What is the significance of the eigenvalues and eigenvectors in PCA?
16.1.6 Exercise 10.6 Selecting Principal Components:
How can you determine the optimal number of principal components to retain in R?
Write the R command to extract the loadings of principal components.
16.1.7 Exercise 10.7 The inertia of a centered matrix of n individuals and p quantitative variables is
- p
- The sum of variances of the p variables
- None of the responses are true
16.1.10 Exercise 10.10 Let Z be a matrix (50 rows and 4 columns) of centered and reduced quantitative data, with a correlation matrix R (of dimension 4) and three eigenvalues are 2, 1 and 0.4.
Give the maximum number of eigen-values
Give the remaining eigen-values
16.1.11 Exercise 10.11 A dataset X gives, for 23 Charolais and Zebus cattles, 6 different weights, in kg: live weight (W_LIV), carcass weight (W_CAR), prime meat weight (W_QUALI), total meat weight (W_TOTAL), fat meat weight (W_FAT), bone weight (W_BO) and the cattle type (Type).
How do you interpret the following correlation matrix plot?

How many components would you choose regarding the following figures (giving the eigen-values and correlation between the components and the variables)

Interpret the following figure:

16.1.12 Exercise 10.12 Scree Plot:
What is the purpose of a scree plot in PCA?
How do you generate and interpret the following scree plot ?

16.1.13 Exercise 10.13 Scree Plot:
Briefly explain the main objective of Correspondence Analysis (CA).
How is CA different from Principal Component Analysis (PCA)?
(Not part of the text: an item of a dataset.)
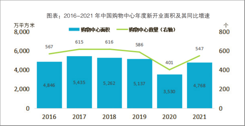《白皮書》在“2021年中國零售市場最新發(fā)展”部分指出,2021年,中國實(shí)現(xiàn)GDP(國內(nèi)生產(chǎn)總值)114.4萬億元,穩(wěn)居全球第二大經(jīng)濟(jì)體,全年社會消費(fèi)品零售總額達(dá)到44.1萬億元,同比增長12.5%。同時,中國在運(yùn)營購物中心數(shù)量達(dá)到6387個,總面積達(dá)到4.75億平方米。其中,2021年新開業(yè)購物中心數(shù)量為547個,總面積為4768萬平方米。中國“購物中心年新開業(yè)面積/在運(yùn)營面積”比例持續(xù)下降,2021年年末降至0.1。中國已經(jīng)進(jìn)入購物中心存量時代。

Provide an example of a scenario where CA would be a suitable analysis.
16.1.14 Exercise 10.14 Correspondence Analysis:
Briefly explain the main objective of Correspondence Analysis (CA).
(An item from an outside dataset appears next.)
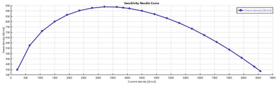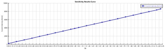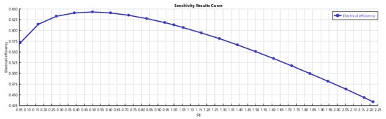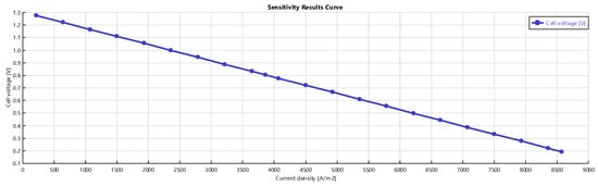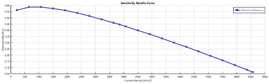 Figure 6, Figure 7 and Figure 8 show the effects of varying the current density on the system. Increasing decreases the voltage and electrical efficiency but increases power until a peak, then power decreases. The descending trend of the cell voltage shown in Figure 6 is due to higher voltage losses (ohmic, activation, and concentration). The reduction of the electrical efficiency with the current density is shown in Figure 8. The trends obtained from the sensitivity analysis are in good agreement with literature ones [21,22].

How is CA different from Principal Component Analysis (PCA)?
Provide an example of a scenario where CA would be a suitable analysis.
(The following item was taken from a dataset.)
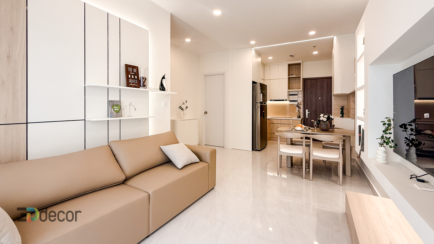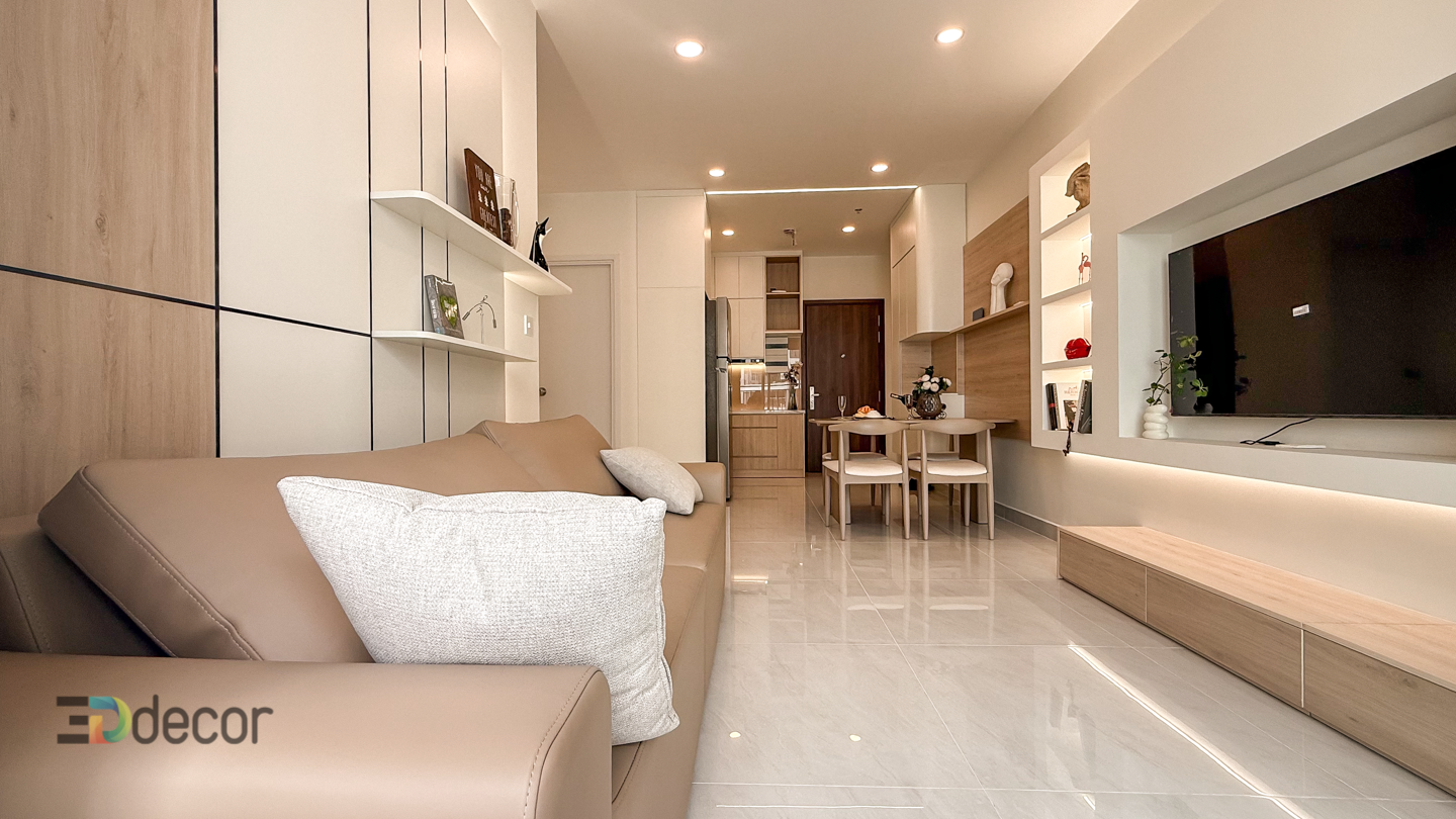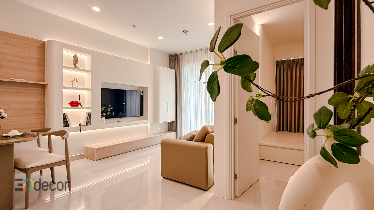Với diện tích nhỏ gọn, căn hộ được tối ưu hóa hoàn hảo theo phong cách Hiện đại - Tinh tế, sử dụng tông màu Trắng, Kem và Gỗ sáng làm chủ đạo.

16.1.15 Exercise 10.14 CA Execution:
Provide the basic syntax for running CA on a contingency table named “my_table.”
16.1.16 Exercise 10.14 Interpretation of Results:
How can you access the row and column scores of the CA results in R?
16.1.17 Exercise 10.15 Visualization:
Write the R command to create a biplot for a Correspondence Analysis result.
How can you visually assess the relationships between rows and columns in a CA plot?
16.1.18 Exercise 10.16 E3:
Write the R command to extract the contributions of dimensions in CA (write it in general)
16.1.20 Exercise 10.18 Chi-Square Test:
What is the role of the chi-square test in Correspondence Analysis?
How can you perform a chi-square test on a CA result in R?
16.1.22 Exercise 10.20 K-Means Clustering:
What is the fundamental concept behind K-means clustering?
Explain the meaning of centroids in the context of K-means clustering.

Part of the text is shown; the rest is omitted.